In this manuscript, we present a new framework for estimating causal effects from case-control studies called the target cohort approach. The target cohort approach extends the existing target trial framework and uses the same criteria as the target trial approach. In the target cohort framework, we describe how to emulate a cohort study using a nested case-control design with incidence density sampling. Importantly, the cohort study being emulated in the target cohort approach has been developed using the target trial framework and therefore emulates a hypothetical randomized controlled trial. The target cohort framework is a heuristic tool for researchers seeking to make causal inferences from observational data when the study setting is suited to a nested case-control study with incidence density sampling.

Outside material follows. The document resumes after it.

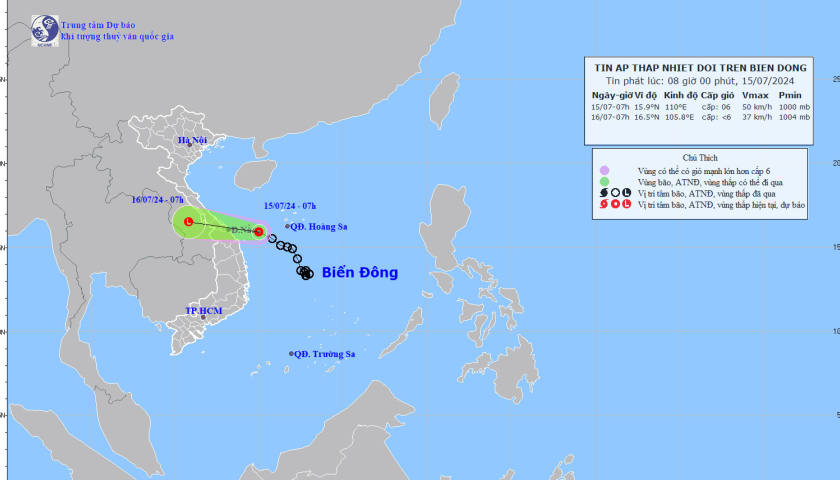 Hồi 07 giờ ngày 15/7, vị trí tâm áp thấp nhiệt đới ở vào khoảng 15,9 độ Vĩ Bắc; 110,0 độ Kinh Đông, trên vùng biển phía Tây Tây Nam của quần đảo Hoàng Sa. Sức gió mạnh nhất vùng gần tâm áp thấp nhiệt đới mạnh cấp 6 (39-49km/h), giật cấp 8; di chuyển theo hướng Tây Tây Bắc với tốc độ khoảng 10km/h.

For example, in a study that utilizes outcome measures in an existing cohort, but involves collecting an expensive new exposure measure, the efficient sampling approach of a nested case-control study with incidence density sampling is appealing because it limits the exposure measurement to only a necessary subset of the full cohort. We demonstrate the target cohort approach using an example from a recently published randomized controlled trial examining the impacts of semaglutide, a type of GLP-1 medication sold under the brand name Ozempic, on adverse gastrointestinal events [26].

The Target Cohort Framework

The target cohort framework extends the target trial approach to emulate a cohort study using data from a nested case-control study with incidence density sampling [4,5,6]. The target cohort approach emulates a hypothetical cohort study that was developed using the target trial approach. See Fig. 1 for a conceptual diagram linking the target cohort approach and the target trial approach. The target trial framework outlines the necessary components for making causal inferences from observational data [4]. The components of the target cohort framework are the same as the target trial, but tailored to considerations that arise specifically for the case-control study design with incidence density sampling. Both target trial and target cohort frameworks require clear specification of eligibility criteria, treatment strategies, treatment assignment (randomization), follow-up period, outcomes of interest, causal contrast, and analysis plan [6]. Ultimately, the goal of the target cohort approach is the same as that of the target trial framework: to make causal inferences using observational data. In the next section we introduce the example that will be used to demonstrate how the target cohort approach can be used to emulate a prospective cohort study and corresponding target trial.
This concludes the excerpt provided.